Precisava que estivesses agora aqui, é abril e em abril, nunca te disse, mas os sonhos são mais prementes e também mais voláteis, escapam-se num ápice pelos gestos mais distraídos, estamos à janela do tempo, a olhar para as flores, a espiar a chegada da primavera e lá vão eles sorrateiros, para outro poiso fazer o mel, parecem abelhas inquietas...
- Falas de quê, tu?
- Dos sonhos mãe, e por isso dizia que precisava que estivesses aqui...
- Para me falares de sonhos?
- Sim. Não, deixa. Queria só que viesses, a andar lentamente, e depois tomávamos café com leite, na cozinha, enquanto faziamos o jantar. Tu arranjavas os grelos e eu descascava as batatas...e falávamos de coisas simples, talvez da chuva que cai há tantos dias, sem ponta de sol a sério...
- E a casa, na terra, há-de estar tão húmida! Tenho que telefonar, para que a vão arejar...
E depois a água da panela fervia e punhas lá o bacalhau e provavas de sal, para ficar saboroso, à tua moda. E era à tua moda e contigo que hoje queria estar, a escorregar pelo dia que se aproxima da noite, sem estrelas e luar...
- Está escuro como breu, nunca mais os dias ficam compridos. Quando chegam os rapazes?

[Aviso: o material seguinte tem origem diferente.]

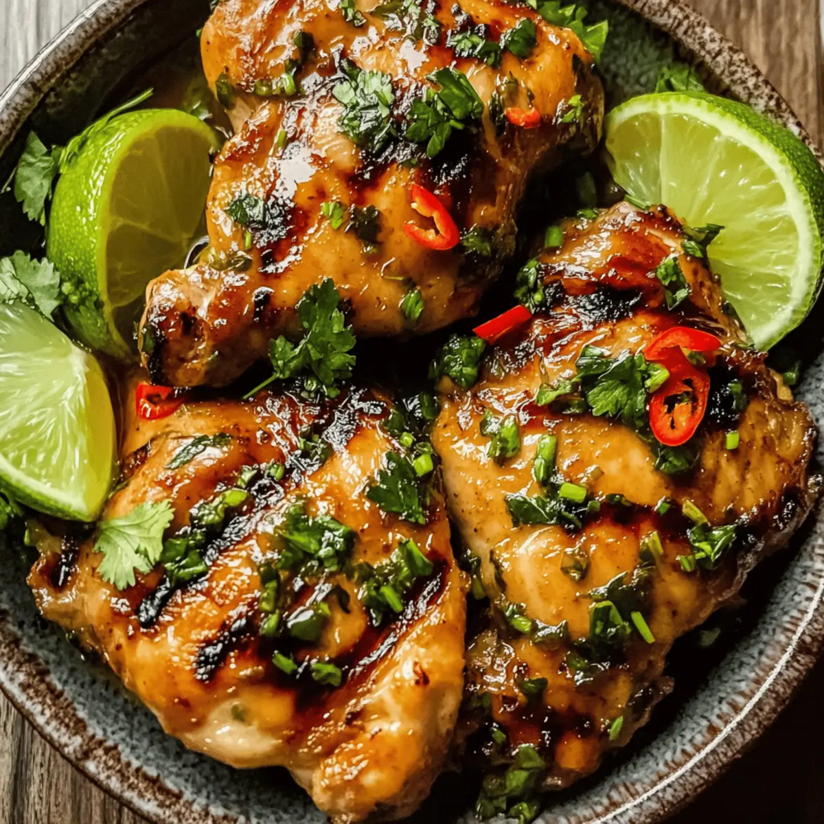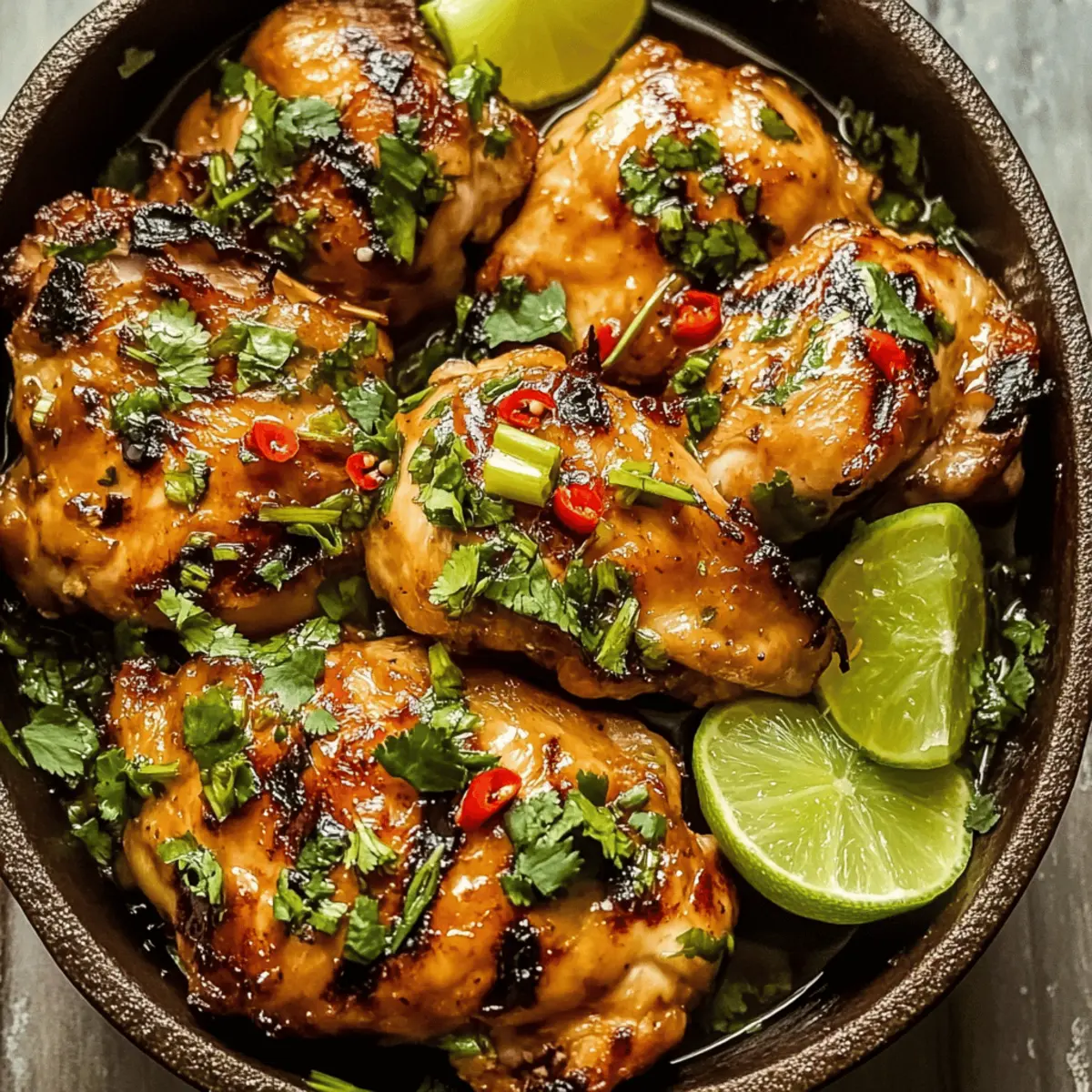 Once cooked, remove the chicken thighs from the skillet and let them rest for a few minutes on a cutting board. This resting period allows the juices to redistribute, ensuring savory bites. After resting, slice the chicken and arrange on a serving platter, garnishing with fresh cilantro and lime wedges for an extra burst of flavor, completing the Vietnamese Lemongrass Chicken experience.

Ias espreitar a rua e o seu regresso a casa e porias a mesa, desalinhando os talheres, como sempre fazias. Uma marca tua, criativa, que nos fazia rir. A ti também. Depois jantávamos e ias depressa ver um debate televisivo, sentada no teu sofá. E atenta, farias os teus comentários habituais, que inundariam de interrogações a sala morna com a nossa presença.
Era assim que eu precisava que fosse o início de abril, tu connosco, para espantar este inverno que vem de longe e não me dá folgas. Nem folgas nem alentos, deixando os sonhos em suspenso, como bolas de sabão que ao minimo movimento, rebentam. Os sonhos são coisas muito frágeis, mãe. Mas acho que não te diria nada sobre isto. A tua presença a cirandar pela casa bastaria para aquietar o tempo.
- És sempre a mesma, preocupada com tudo. Eu acho é que estudaste muito. E lês muito e escreves muito. E pensas muito. Se calhar teria sido melhor teres ido para costureira...
Se calhar mãe. E se calhar abril seria mais fácil e a vida também. E se calhar não teria tantas noites como esta em que precisava que estivesses aqui. Para aguentar o dia que amanhã vai chegar.